AIM OF THE EXERCISE: Restate all the data word for word and omit the pictures.

(Dataset entries)
━━━━

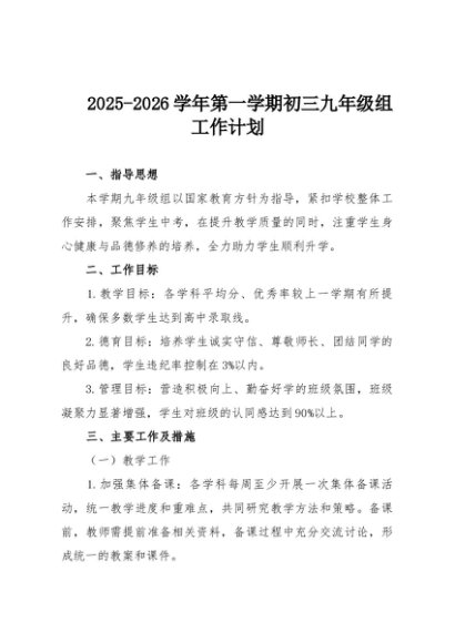 【七哥公文】2025年:2025-2026学年第一学期初三九年级组工作计划+更多免费公文+VX:QiGeGongWen2024
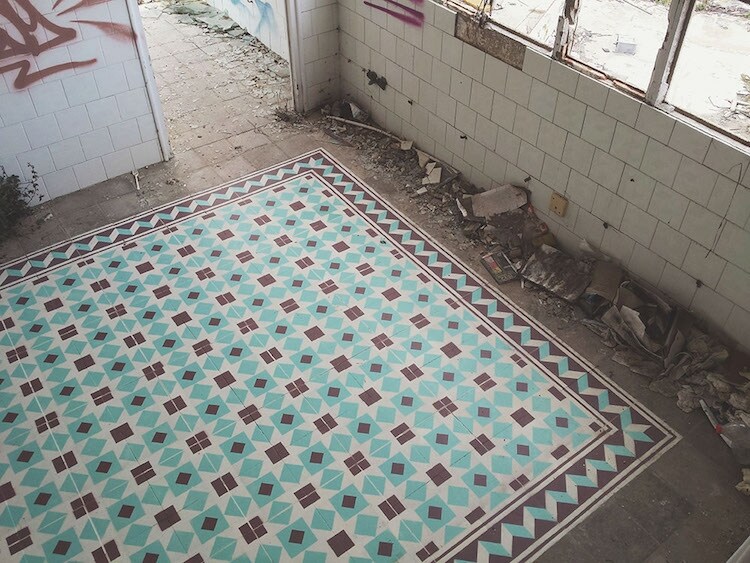 Fatiscenti blocchi di appartamenti a Tenerife, una piazza di edilizia residenziale pubblica a Tarragona, un albergo abbandonato nelle Azzorre-sono le tele perfette per il lavoro di Javier de Riba che trasforma i pavimenti degradati di luoghi abbandonati in capolavori d'arte. I colori vivaci dei pavimenti sono in netto contrasto con l'ambiente circostante e rendono le opere ancora più attraenti.
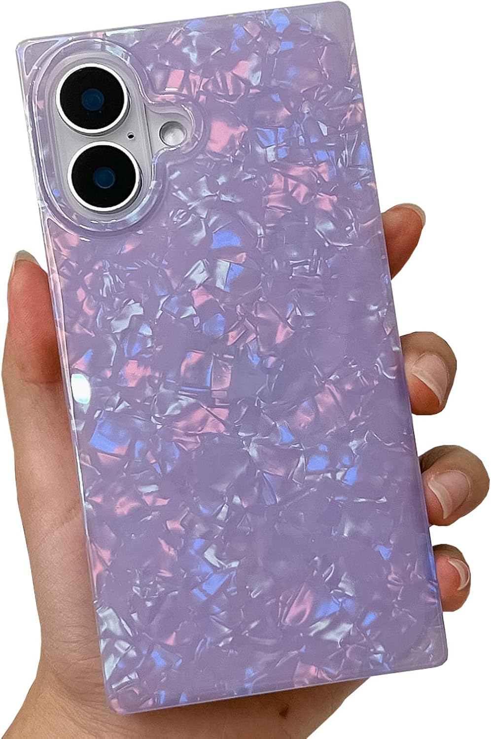 BANAILOA Compatible with iPhone 16 Case Rectangle for Women,Luxury Sparkle Colorful Shell Protective Soft Slim Girly Cover Designed for iPhone 16-6.1 inch (Purple Shell)
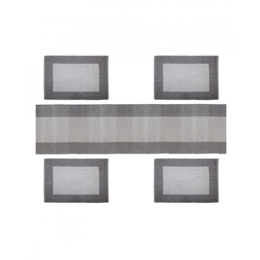 PKR Kart Ribbed Cotton Table Runner and Placemats Sets (Grey)
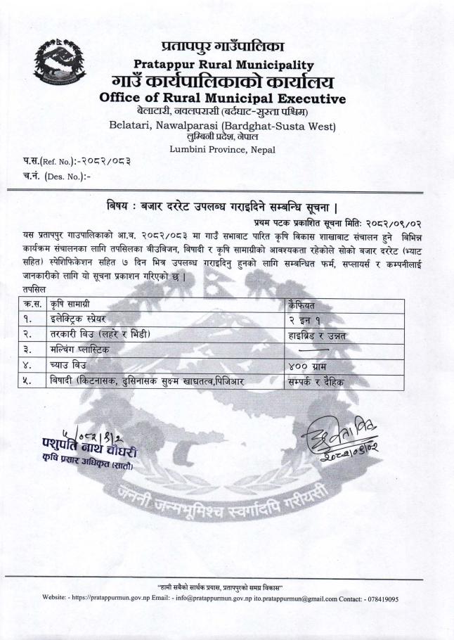 : बजार दररेट उपलब्ध गराइदिने सम्बन्धि सूचना ।
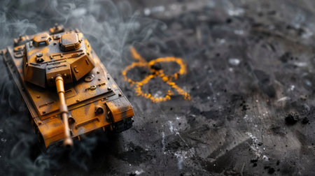 A striking close-up of a model tank showcased on a dark surface, enhanced by wisps of smoke and an artistic orange element, illustrating creativity.
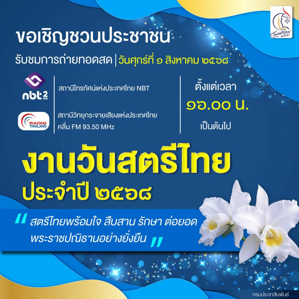 กรมประชาสัมพันธ์ ขอเชิญชวนประชาชนรับชมการถ่ายทอดสด งานวันสตรีไทย ประจำปี 2568
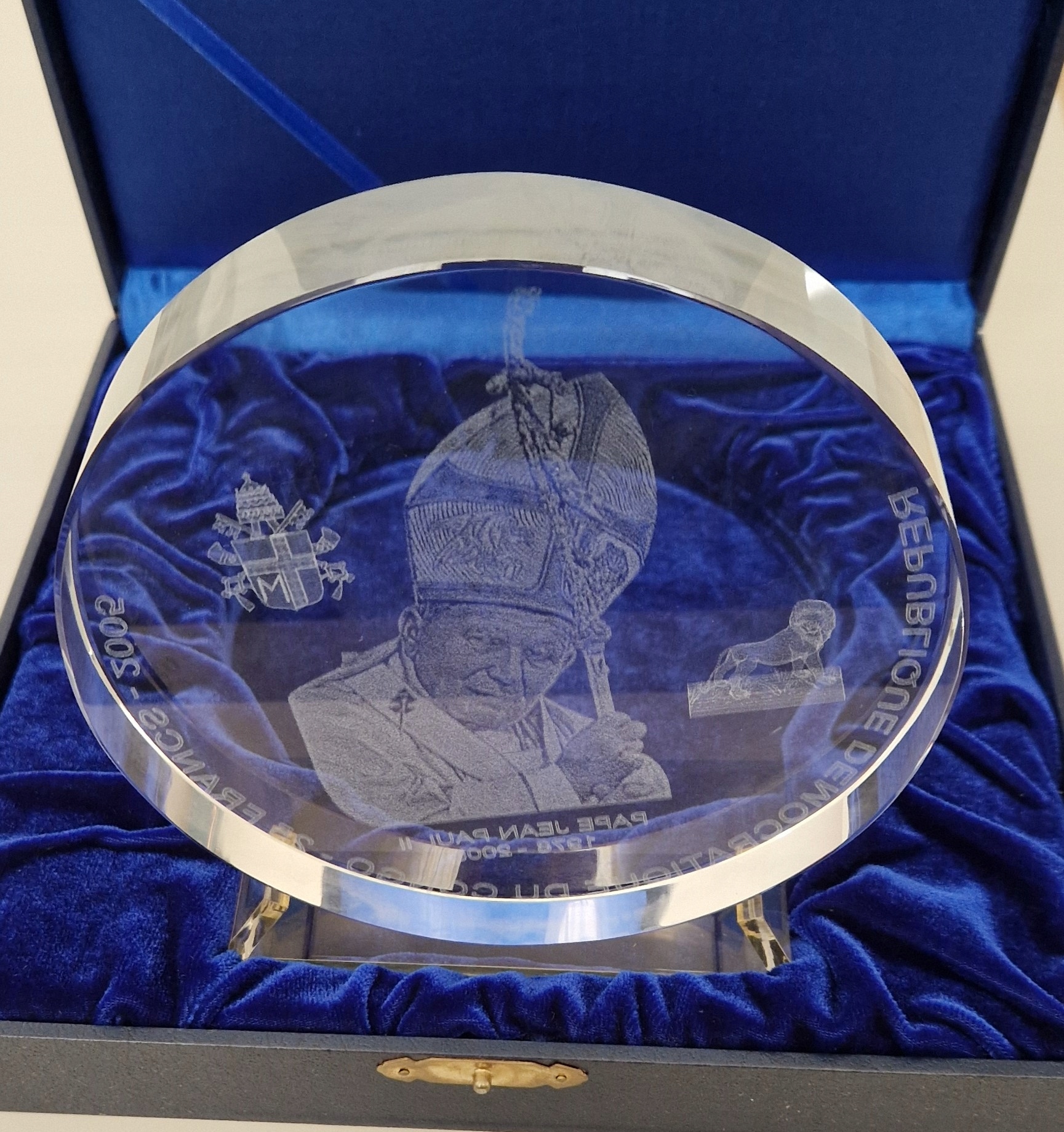 Монета представляет собой красивое изделие из акрила весом около 1 килограмма (!!!) и диаметром 14 см (!!!). Красивый портрет Иоанна Павла II, сделанный лазером. Все в коробочке, обтянутой бархатом, с сертификатом.
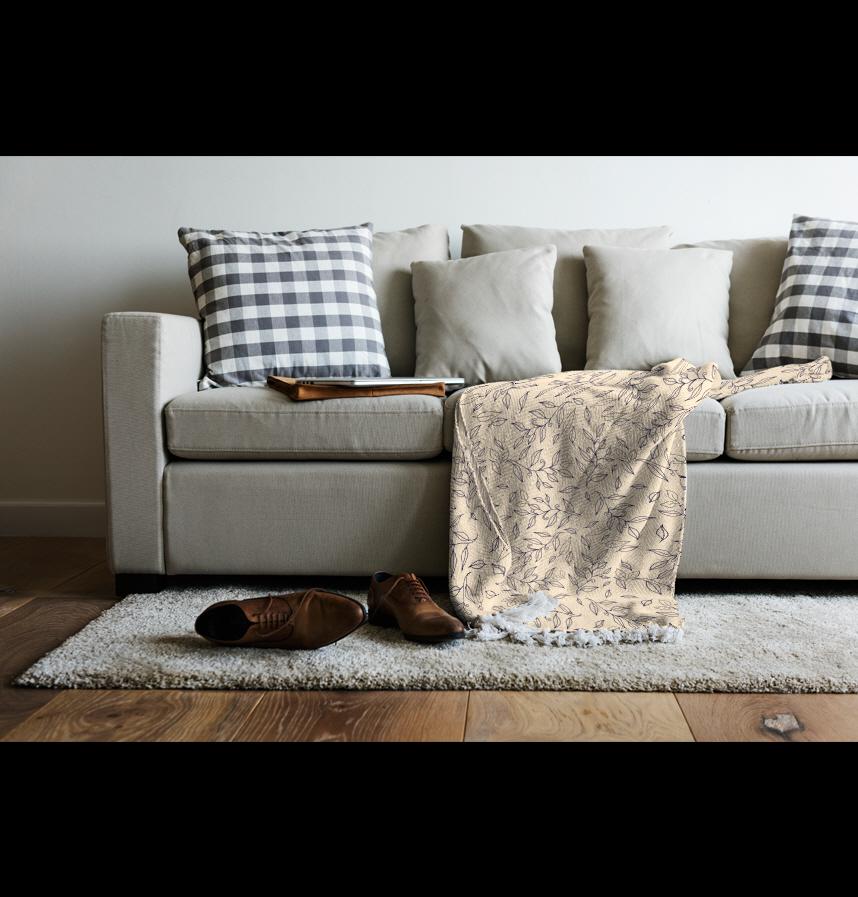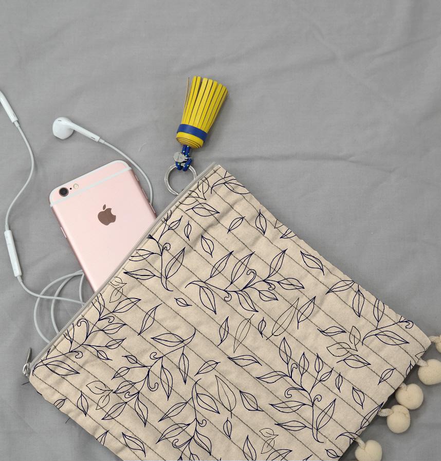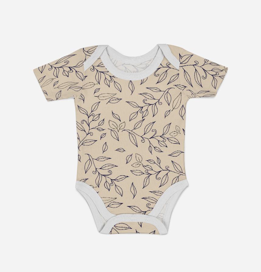 黒線だけで描かれた小さな葉がシンプルに配置されているデザイン
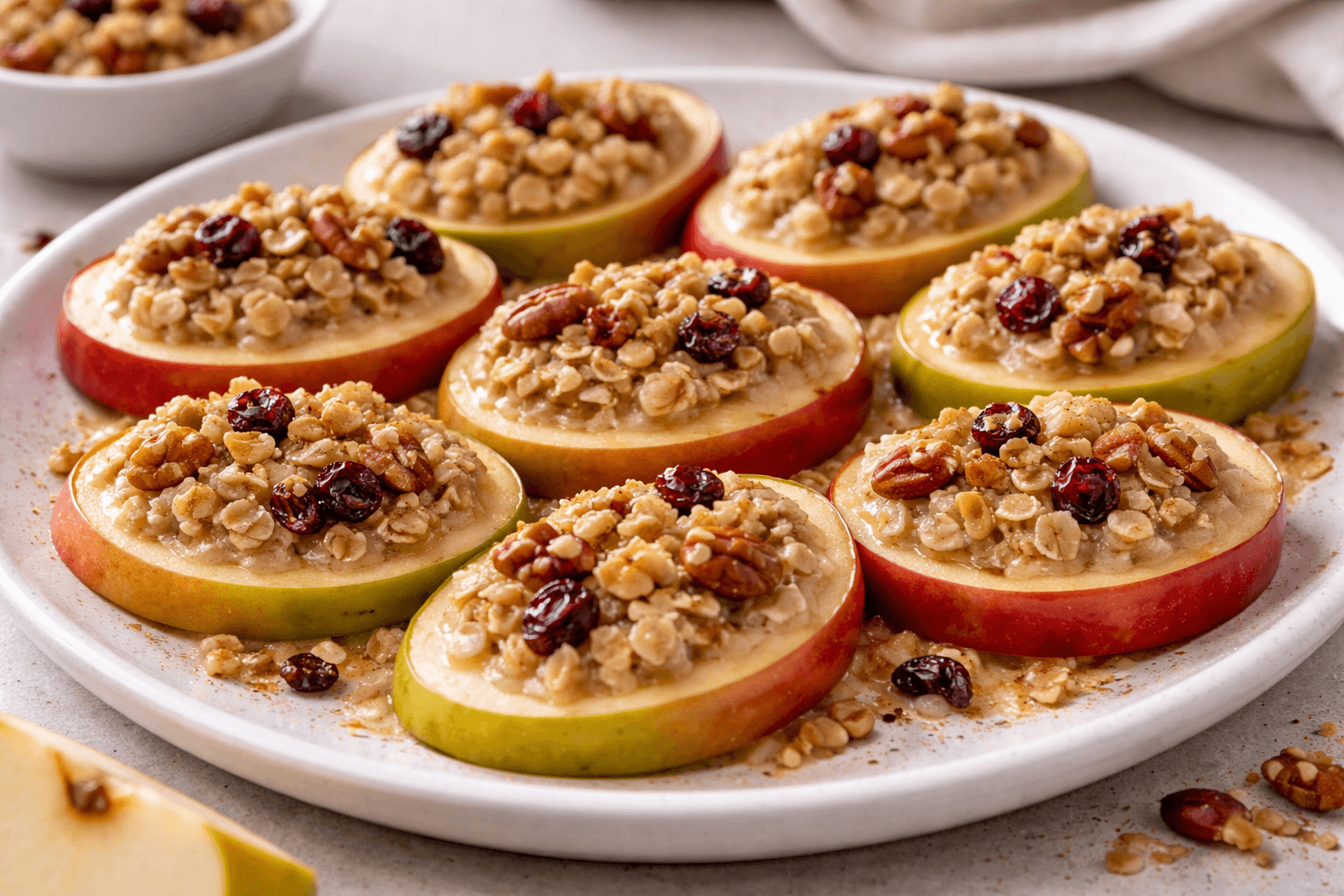 Cuando buscas algo más reconfortante, una versión tibia marca la diferencia. Basta con calentar la manzana unos minutos para que se ablande ligeramente. Luego, la avena, la canela y los frutos secos aportan textura y hacen que el resultado se acerque a un postre sencillo, sin complicarse.

━━━━

ANSWER FOR THE TASK:
 【七哥公文】2025年:2025-2026学年第一学期初三九年级组工作计划+更多免费公文+VX:QiGeGongWen2024
 Fatiscenti blocchi di appartamenti a Tenerife, una piazza di edilizia residenziale pubblica a Tarragona, un albergo abbandonato nelle Azzorre-sono le tele perfette per il lavoro di Javier de Riba che trasforma i pavimenti degradati di luoghi abbandonati in capolavori d'arte. I colori vivaci dei pavimenti sono in netto contrasto con l'ambiente circostante e rendono le opere ancora più attraenti.
 BANAILOA Compatible with iPhone 16 Case Rectangle for Women,Luxury Sparkle Colorful Shell Protective Soft Slim Girly Cover Designed for iPhone 16-6.1 inch (Purple Shell)
 PKR Kart Ribbed Cotton Table Runner and Placemats Sets (Grey)
 : बजार दररेट उपलब्ध गराइदिने सम्बन्धि सूचना ।
 A striking close-up of a model tank showcased on a dark surface, enhanced by wisps of smoke and an artistic orange element, illustrating creativity.
 กรมประชาสัมพันธ์ ขอเชิญชวนประชาชนรับชมการถ่ายทอดสด งานวันสตรีไทย ประจำปี 2568
 Монета представляет собой красивое изделие из акрила весом около 1 килограмма (!!!) и диаметром 14 см (!!!). Красивый портрет Иоанна Павла II, сделанный лазером. Все в коробочке, обтянутой бархатом, с сертификатом.
 黒線だけで描かれた小さな葉がシンプルに配置されているデザイン
 Cuando buscas algo más reconfortante, una versión tibia marca la diferencia. Basta con calentar la manzana unos minutos para que se ablande ligeramente. Luego, la avena, la canela y los frutos secos aportan textura y hacen que el resultado se acerque a un postre sencillo, sin complicarse.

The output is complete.